Metadata-Version: 2.4
Name: mathformer
Version: 1.0.2
Summary: A transformer-based math library
Author-email: JeremySu0818 <xinghong.su0818@gmail.com>
Project-URL: Homepage, https://github.com/JeremySu0818/MathFormer
Project-URL: Bug Tracker, https://github.com/JeremySu0818/MathFormer/issues
Project-URL: Repository, https://github.com/JeremySu0818/MathFormer
Classifier: Programming Language :: Python :: 3
Classifier: License :: OSI Approved :: MIT License
Classifier: Operating System :: OS Independent
Requires-Python: >=3.8
Description-Content-Type: text/markdown
License-File: LICENSE
Requires-Dist: torch>=2.0.0
Requires-Dist: transformers>=4.30.0
Requires-Dist: safetensors>=0.3.0
Provides-Extra: dev
Requires-Dist: pytest>=7.0.0; extra == "dev"
Requires-Dist: pytest-cov>=4.0.0; extra == "dev"
Dynamic: license-file

# MathFormer

MathFormer is a Python library that leverages Transformer-based language models to perform mathematical operations. Unlike standard arithmetic libraries, MathFormer uses Llama-architecture models to "predict" the results of arithmetic operations, token by token, demonstrating the capability of small language models to learn arithmetic rules.
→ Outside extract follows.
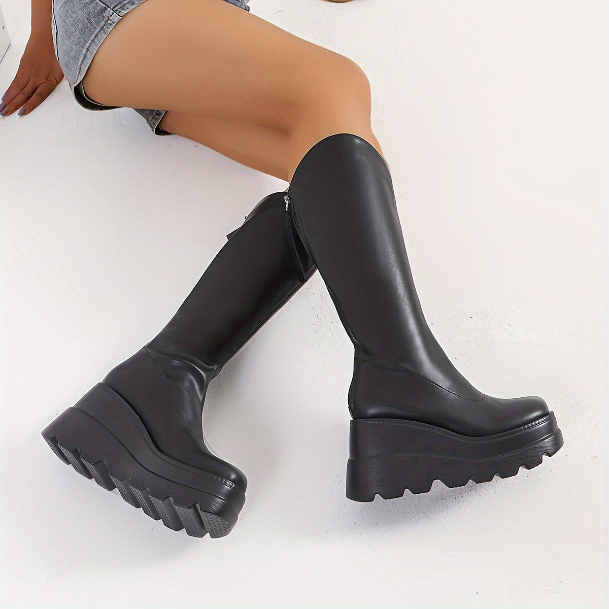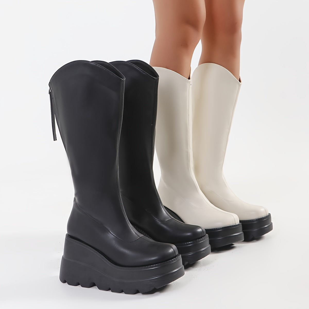Женские ботинки на платформе в однотонном цвете для боевых сапог, всесезонные, челси, круглым носком

It supports basic arithmetic operations: **Addition**, **Subtraction**, **Multiplication**, and **Division**.

## Features

- **Transformer-Powered Arithmetic**: Uses specialized Llama-based models for each arithmetic operation.
- **Large Number Support**: Implements recursive logic to handle multi-digit arithmetic using digit-by-digit prediction (similar to manual calculation).
- **Unified API**: Easy-to-use functions for `add`, `sub`, `mul`, and `div`.
- **Resource Management**: Supports lazy loading of models to save memory, and manual unloading.
- **Custom Tokenizer**: Built-in minimalist tokenizer optimized for mathematical expressions.

## Installation

You can install MathFormer via pip:

```bash
pip install mathformer
```

## Quick Start

The simplest way to use MathFormer is through the top-level convenience functions. These functions automatically handle model loading when needed.

```python
import mathformer

# Addition
result = mathformer.add(123, 456)
print(f"123 + 456 = {result}")  # Output: 579

# Subtraction
result = mathformer.sub(1000, 250)
print(f"1000 - 250 = {result}") # Output: 750

# Multiplication
result = mathformer.mul(12, 12)
print(f"12 * 12 = {result}")    # Output: 144

# Division (returns Quotient and Remainder if applicable)
result = mathformer.div(100, 3)
print(f"100 / 3 = {result}")    # Output: Q33R1
```

You can also pass string expressions:

```python
print(mathformer.add("100 + 200"))
print(mathformer.calculate("mul", 50, 4))
```

## Advanced Usage

For more control over resource usage, you can use the `MathFormerAPI` class directly.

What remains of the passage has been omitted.